Questa, con il passare del tempo, dopo che, presumibilmente nella terza decade del secolo scorso, l'incuria, l'abbandono e la mancanza di qualsiasi forma di manutenzione avevano causato il crollo del tetto, era rimasta naturalmente sottoposta a un continuo quanto inesorabile processo di degrado.
Nell'immediato dopoguerra, nel 1953, al fine di eliminare le parti pericolanti e per scongiurare il pericolo di ulteriori crolli che periodicamente si verificavano, era stata minata subendo un vero e proprio tentativo di abbattimento.
Da allora, per circa mezzo secolo, è stata una sorta di spazio comune di cui, paradossalmente, quasi a perpetuare la tradizione civica che molte chiese hanno nel luogo, più di qualche cittadino se ne è servito utilizzandola, alternativamente e a volte contemporaneamente, come fienile, deposito di legname, e, purtroppo, anche come stalla.
Tra le persone più anziane in vita sono pochissime coloro che la ricordano ancora integra e funzionante: una zia racconta di tanto tempo fa, quando, ancora bambina, insieme alla nonna, andava a rabboccare la lampada votiva della "Madonna del Monte"; vi è chi racconta di quando, d'inverno, andando a sentir messa, dovendo aspettare l'apertura della Chiesa,
si riparava sotto il portico davanti la Chiesa e chi, poco più che giovanotto, ha potuto guadagnare qualche soldo lavorando, dopo l'esplosione delle mine, all'eliminazione dei calcinacci e alla riparazione dei tratti di muri rimasti sul sagrato della Chiesa.
LA CHIESA DI S. MARIA DEI LONGOBARDI La descrizione del piccolo centro e della chiesa è attinto dalla relazione effettuata nel 1660 dall'ing. Cafaro da cui si desume come, nel corso del XVI e XVII secolo, Santa Maria dei Lombardi avesse assunto una posizione privilegiata proprio perchè presso di essa confluivano le rendite di altre parrocchie ormai soppresse.
L'importanza di Santa Maria dei Lombardi ha però origini più antiche che si intrecciano con le vicende dei Longobardi, popolo devoto, capace di dare unità spirituale e storica alla complessa geografia religiosa e territoriale del Cilento; da una parte, quindi, la divisione del territorio in due circoscrizioni, le cui sedi furono appunto Novi e Rocca Cilento, dall'altra, fondare a Novi una chiesa che si contrapponesse con la liturgia latina alla officiatura del rito greco di S. Maria dei Greci.
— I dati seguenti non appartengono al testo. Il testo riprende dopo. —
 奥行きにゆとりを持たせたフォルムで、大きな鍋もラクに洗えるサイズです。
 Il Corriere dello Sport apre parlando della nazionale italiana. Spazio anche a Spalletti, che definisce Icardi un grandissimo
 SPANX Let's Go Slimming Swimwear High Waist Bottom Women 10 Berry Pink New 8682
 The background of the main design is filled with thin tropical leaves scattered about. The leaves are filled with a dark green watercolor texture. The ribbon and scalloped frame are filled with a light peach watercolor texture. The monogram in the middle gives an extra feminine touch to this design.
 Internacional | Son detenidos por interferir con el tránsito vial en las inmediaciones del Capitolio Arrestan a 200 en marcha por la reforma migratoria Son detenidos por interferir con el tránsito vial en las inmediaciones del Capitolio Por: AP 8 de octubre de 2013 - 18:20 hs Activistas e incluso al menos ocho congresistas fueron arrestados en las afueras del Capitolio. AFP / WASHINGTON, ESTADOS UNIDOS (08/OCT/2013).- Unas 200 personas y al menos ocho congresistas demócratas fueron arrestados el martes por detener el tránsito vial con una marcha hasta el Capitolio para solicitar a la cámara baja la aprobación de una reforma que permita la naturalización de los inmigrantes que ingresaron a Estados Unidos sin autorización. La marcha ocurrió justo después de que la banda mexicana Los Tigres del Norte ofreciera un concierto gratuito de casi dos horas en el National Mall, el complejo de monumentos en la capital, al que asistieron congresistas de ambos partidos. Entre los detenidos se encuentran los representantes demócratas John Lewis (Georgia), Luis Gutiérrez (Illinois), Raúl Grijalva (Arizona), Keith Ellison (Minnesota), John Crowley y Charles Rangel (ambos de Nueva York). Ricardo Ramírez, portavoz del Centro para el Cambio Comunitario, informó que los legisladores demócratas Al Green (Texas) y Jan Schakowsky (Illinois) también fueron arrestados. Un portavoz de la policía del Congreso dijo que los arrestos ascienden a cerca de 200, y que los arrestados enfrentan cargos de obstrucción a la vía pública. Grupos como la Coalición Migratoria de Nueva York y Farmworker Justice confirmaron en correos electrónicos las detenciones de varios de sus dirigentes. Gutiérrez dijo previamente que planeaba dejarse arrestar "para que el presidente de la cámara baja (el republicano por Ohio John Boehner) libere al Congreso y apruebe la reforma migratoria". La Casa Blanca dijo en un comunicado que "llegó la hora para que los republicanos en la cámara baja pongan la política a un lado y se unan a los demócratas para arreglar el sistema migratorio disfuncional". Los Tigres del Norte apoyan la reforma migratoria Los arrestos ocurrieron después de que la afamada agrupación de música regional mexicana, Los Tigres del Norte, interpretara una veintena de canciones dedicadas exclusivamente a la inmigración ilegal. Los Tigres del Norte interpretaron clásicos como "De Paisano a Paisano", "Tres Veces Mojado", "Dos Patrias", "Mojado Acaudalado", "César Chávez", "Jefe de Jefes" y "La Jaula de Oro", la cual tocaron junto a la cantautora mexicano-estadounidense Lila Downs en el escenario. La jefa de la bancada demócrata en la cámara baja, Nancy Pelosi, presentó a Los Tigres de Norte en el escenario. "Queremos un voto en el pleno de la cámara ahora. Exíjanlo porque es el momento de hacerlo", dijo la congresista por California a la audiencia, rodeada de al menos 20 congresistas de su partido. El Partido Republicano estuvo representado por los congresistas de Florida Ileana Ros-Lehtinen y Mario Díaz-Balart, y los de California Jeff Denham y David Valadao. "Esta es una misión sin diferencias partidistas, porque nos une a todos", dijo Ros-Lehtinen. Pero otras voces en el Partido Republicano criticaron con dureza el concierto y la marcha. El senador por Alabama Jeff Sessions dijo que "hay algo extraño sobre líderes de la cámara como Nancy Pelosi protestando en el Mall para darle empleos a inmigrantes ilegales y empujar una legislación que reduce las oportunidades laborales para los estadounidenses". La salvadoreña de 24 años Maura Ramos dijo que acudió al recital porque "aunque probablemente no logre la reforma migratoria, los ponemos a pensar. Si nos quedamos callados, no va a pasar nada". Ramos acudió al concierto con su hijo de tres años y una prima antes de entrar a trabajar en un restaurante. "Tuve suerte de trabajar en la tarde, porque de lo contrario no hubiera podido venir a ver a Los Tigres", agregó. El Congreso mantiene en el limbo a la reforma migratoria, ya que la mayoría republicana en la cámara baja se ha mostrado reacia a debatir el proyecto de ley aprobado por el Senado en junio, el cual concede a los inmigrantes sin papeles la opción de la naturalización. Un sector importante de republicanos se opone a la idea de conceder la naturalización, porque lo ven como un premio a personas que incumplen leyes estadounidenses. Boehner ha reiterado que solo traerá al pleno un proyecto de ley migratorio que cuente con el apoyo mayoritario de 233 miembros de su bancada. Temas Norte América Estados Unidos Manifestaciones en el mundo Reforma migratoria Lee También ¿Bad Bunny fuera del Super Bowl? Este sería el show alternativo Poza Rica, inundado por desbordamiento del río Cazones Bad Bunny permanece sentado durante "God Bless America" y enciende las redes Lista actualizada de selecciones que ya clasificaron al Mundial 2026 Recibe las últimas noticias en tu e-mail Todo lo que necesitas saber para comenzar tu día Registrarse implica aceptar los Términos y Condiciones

Un ruolo e una importanza quella di S. Maria dei Lombardi che si delinea maggiormente nei secoli XVI-XVII, con il succedersi, nella gestione politica e territoriale di Novi, di famiglie baronali quali i Marzano, i Pignatelli, i Carafa, gli Zattera. Presenze che impongono e determinano nella vita culturale ed artistica del piccolo centro, scelte e modelli.
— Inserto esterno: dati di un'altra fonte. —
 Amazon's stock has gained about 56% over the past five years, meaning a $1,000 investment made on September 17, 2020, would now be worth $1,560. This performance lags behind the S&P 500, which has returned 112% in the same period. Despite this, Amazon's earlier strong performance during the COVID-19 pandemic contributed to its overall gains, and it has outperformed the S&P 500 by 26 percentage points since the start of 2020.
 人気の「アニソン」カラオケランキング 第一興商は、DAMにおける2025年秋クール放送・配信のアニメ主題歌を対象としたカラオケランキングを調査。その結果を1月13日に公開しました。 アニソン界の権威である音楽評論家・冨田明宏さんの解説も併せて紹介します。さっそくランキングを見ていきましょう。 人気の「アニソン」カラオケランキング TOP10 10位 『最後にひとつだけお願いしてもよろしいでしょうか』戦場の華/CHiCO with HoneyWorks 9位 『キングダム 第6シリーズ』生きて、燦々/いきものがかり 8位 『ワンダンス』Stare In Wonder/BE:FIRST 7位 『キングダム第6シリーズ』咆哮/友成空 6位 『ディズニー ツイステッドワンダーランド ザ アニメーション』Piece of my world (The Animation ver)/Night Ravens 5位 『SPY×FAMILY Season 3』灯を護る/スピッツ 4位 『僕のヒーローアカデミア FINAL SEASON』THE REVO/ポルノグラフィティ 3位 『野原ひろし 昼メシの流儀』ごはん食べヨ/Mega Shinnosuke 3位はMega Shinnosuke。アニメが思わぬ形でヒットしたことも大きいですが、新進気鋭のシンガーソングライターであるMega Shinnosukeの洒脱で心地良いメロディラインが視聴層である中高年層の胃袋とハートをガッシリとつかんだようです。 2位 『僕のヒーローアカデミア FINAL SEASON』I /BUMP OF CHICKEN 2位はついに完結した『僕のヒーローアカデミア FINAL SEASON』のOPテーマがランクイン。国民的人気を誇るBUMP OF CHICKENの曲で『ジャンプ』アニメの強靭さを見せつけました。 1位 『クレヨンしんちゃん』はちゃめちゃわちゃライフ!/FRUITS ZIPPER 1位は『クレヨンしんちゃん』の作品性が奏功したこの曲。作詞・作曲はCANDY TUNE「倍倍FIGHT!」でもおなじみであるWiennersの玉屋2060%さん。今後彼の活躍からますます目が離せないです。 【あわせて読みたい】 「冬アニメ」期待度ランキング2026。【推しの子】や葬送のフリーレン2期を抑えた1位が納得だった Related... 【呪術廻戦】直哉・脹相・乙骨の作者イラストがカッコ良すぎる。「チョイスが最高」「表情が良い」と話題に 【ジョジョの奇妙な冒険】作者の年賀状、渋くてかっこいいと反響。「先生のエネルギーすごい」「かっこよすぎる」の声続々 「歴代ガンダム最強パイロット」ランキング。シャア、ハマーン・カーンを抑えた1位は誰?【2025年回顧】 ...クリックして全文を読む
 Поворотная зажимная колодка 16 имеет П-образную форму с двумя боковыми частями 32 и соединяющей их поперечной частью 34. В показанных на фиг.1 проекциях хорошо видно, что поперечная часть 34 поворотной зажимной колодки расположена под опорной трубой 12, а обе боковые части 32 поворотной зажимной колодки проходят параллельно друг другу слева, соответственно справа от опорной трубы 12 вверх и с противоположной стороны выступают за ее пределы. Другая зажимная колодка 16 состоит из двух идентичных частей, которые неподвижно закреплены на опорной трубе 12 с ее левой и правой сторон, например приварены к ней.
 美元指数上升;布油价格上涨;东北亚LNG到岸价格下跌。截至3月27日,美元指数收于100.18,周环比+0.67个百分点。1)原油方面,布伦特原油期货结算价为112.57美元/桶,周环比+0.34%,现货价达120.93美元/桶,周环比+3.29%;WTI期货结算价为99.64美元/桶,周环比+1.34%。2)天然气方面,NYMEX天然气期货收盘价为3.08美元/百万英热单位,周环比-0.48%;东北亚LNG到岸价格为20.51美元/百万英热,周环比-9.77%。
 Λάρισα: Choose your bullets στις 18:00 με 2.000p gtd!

Del resto i presupposti controriformistici tendenti a promuovere stabilità ed omogeneità culturale; la pressante richiesta di immagini "devote" da parte della committenza; le rappresentazioni figurative che diventano supporto all'insegnamento orale del sacerdote,
la maggiore versatilità della pittura su tavola che offre possibilità di innovazioni formali, rispondendo anche meglio ai particolari gusti devozionali ed estetici dei committenti, promuovono e determinano il gusto e le tendenze che caratterizzano buona parte delle opere artistiche appartenenti alla chiesa.